(Saved entries)
★ ★ ★ ★ ★ ★ ★

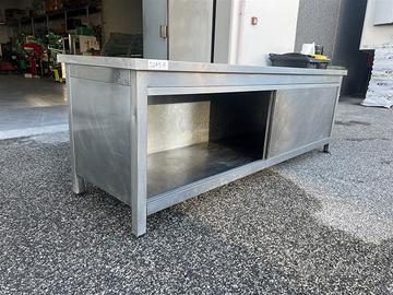 Banco acciaio inox 235×70 con ante scorrevoli
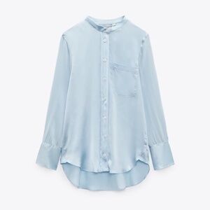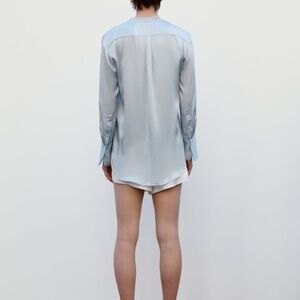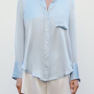 Light and breezy light blue Zara Limited Edition 100% Mulberry Silk Blouse. Size XL. New With Tags.
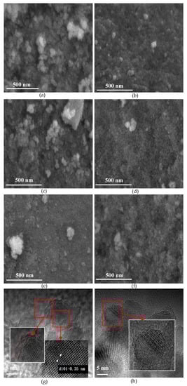 SEM of (a) T-V, (b) U-T-V, (c) T-He, (d) U-T-He, (e) T-N2, and (f) U-T-N2, as well as (g,h) HR-TEM of T-V.
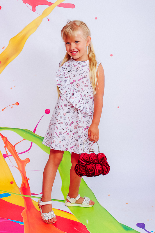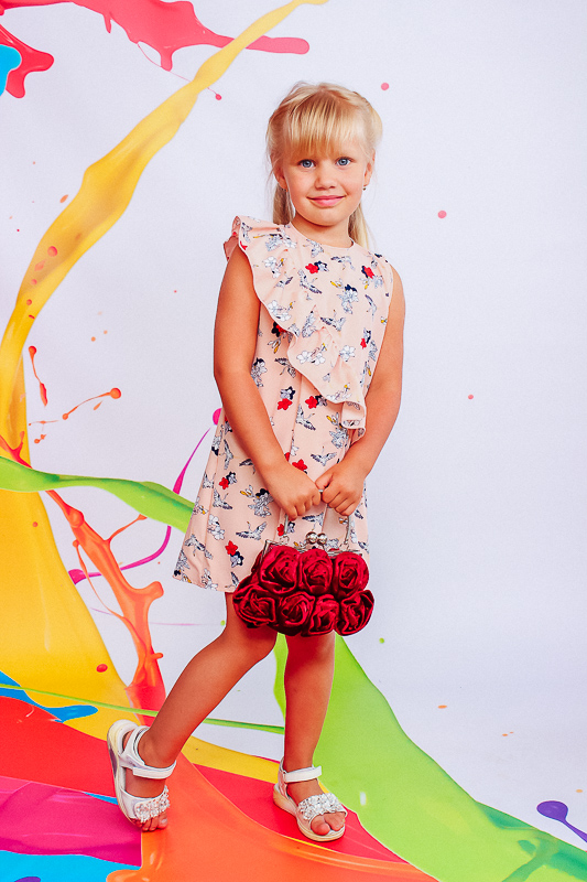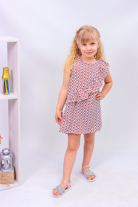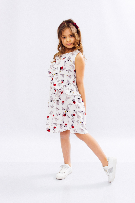 Сукня для дівчинки дошкільного віку. Виконана з тонкої тканини з набивним малюнком. Модель прямого силуету, без рукава. Виріз горловини круглий, прилеглий. Окрасою на сукні є злегка зібраний волан, який йде від плеча в бік лінії стегна. Він надає даній моделі легкості та краси. Тканина зберігає первісну кольоровість.
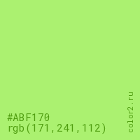 Цвет #ABF170 в цветовой модели RGB обозначается тремя октетами (171, 241, 112) в десятичном формате и #ABF170 в шестнадцатиричном (hex) формате, которые являются интенсивностью красного 171 (hex AB), интенсивность зелёного 241 (hex F1) и интенсивность синего 112 (hex 70).
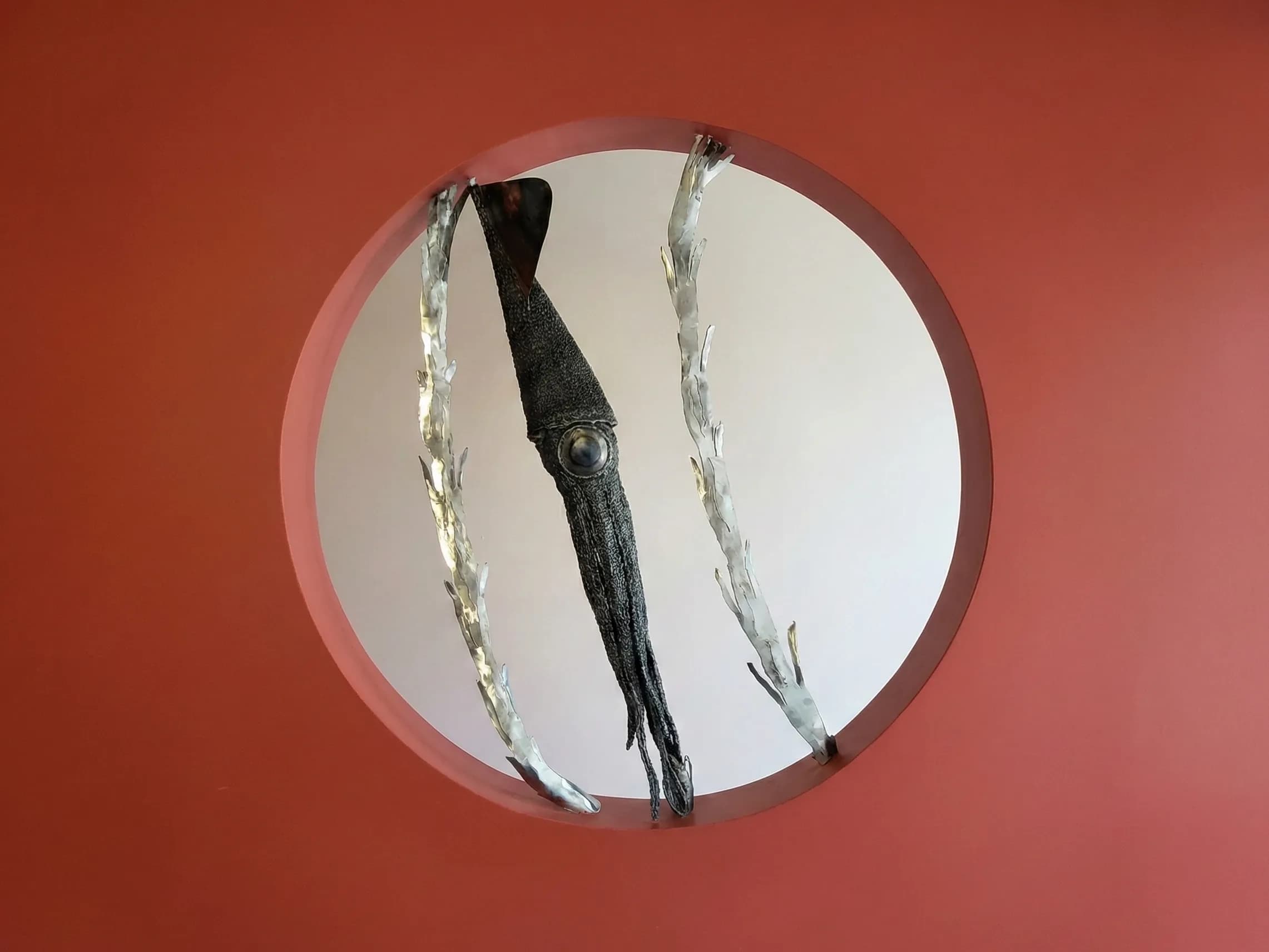 Housed within circular wall cutouts that cleverly mimic submarine portholes, these bespoke stainless steel sculptures transform a standard architectural transition into a deep-sea discovery. The installation features two distinct marine studies:
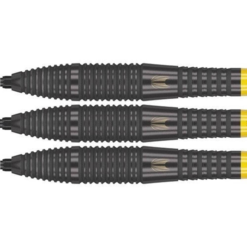 El juego se compone por 1 set de 3 cuerpos de dardos Target Bolide Void con punta Swiss , 1 set de 3 cañas Pro Grip corta y 1 set de 3 plumas.
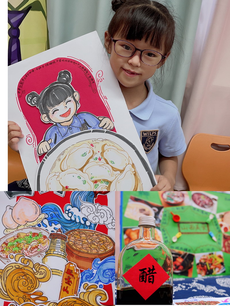 让我们把镜头转到1B班的山西博物馆和山东博物馆。1B班分别从美食、建筑、历史和文化四方面介绍了山西省和山东省。Let’s take a look at 1B Shan xi Museum and Shan dong Museum. 1B introduced Shan xi Province and Shan dong Province through 4 aspects:food, construction, history and culture.
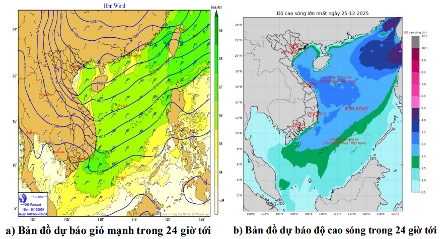 Ngoài ra, ngày và đêm 25/12, vùng biển Gia Lai có mưa rào và dông rải rác. Trong mưa dông có khả năng xảy ra lốc xoáy và gió giật mạnh
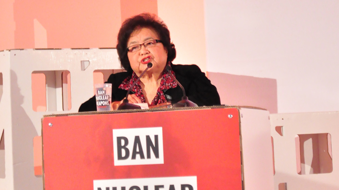 “Rammento i visi dei miei 351 compagni di scuola. Ho un profondo ricordo di ognuno di loro. Voglio che ricordiate che ognuno di loro aveva una vita, aveva un nome… Siamo preoccupati dell’impatto umanitario delle armi nucleari. Finora si parlava di “deterrenza” e di “equilibrio delle forze” e cose del genere. E’ un sollievo vedere che finalmente si parla degli esseri umani e di quello che le armi nucleari fanno agli esseri umani. Tutti questi miei amici sono morti, cancellati dalla faccia della terra. E’ una cosa che non deve più succedere. Dobbiamo mettere al bando queste armi, queste bombe malvagie, tutte e 17.000.”
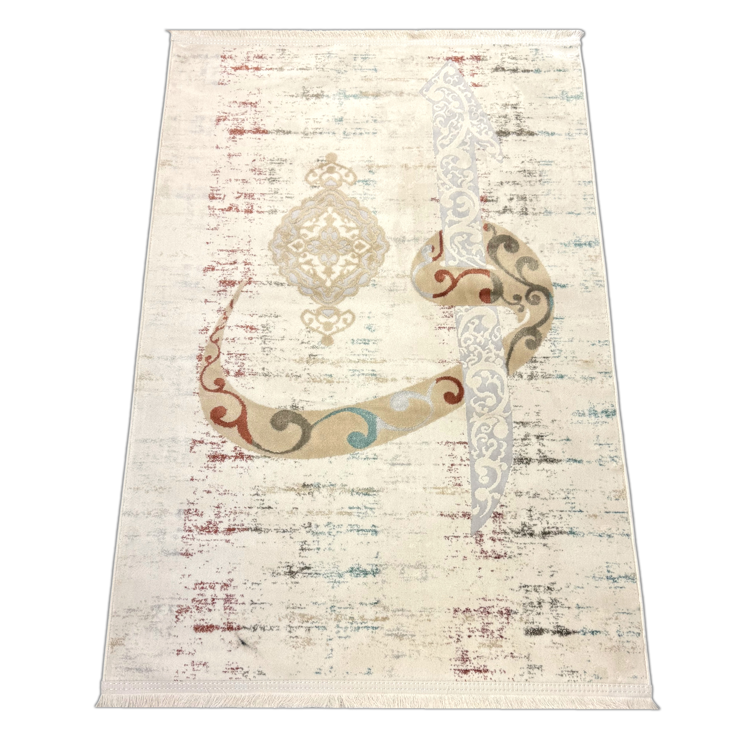 Moderner Gebetsteppich mit arabischer Kalligrafie und Ornamentdesign
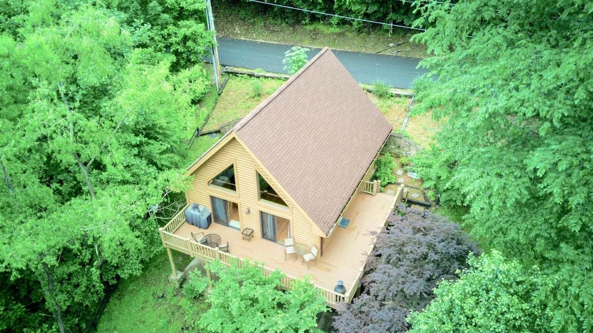 The Chalet features a wrap-around deck with a private hot tub and can sleep up to 6 people. Guests can access a shared pool and patio with a fire pit and outdoor dining area. Please note that we are not an event space. The pool area is shared with two other homes, and parties are prohibited.

★ ★ ★ ★ ★ ★ ★

Leave out the pictures and restate, word for word, the lines from the top of the data through the line containing "SEM of (a) T-V, (b)", both included.

## [WRITTEN ANSWER]
 Banco acciaio inox 235×70 con ante scorrevoli
 Light and breezy light blue Zara Limited Edition 100% Mulberry Silk Blouse. Size XL. New With Tags.
 SEM of (a) T-V, (b) U-T-V, (c) T-He, (d) U-T-He, (e) T-N2, and (f) U-T-N2, as well as (g,h) HR-TEM of T-V.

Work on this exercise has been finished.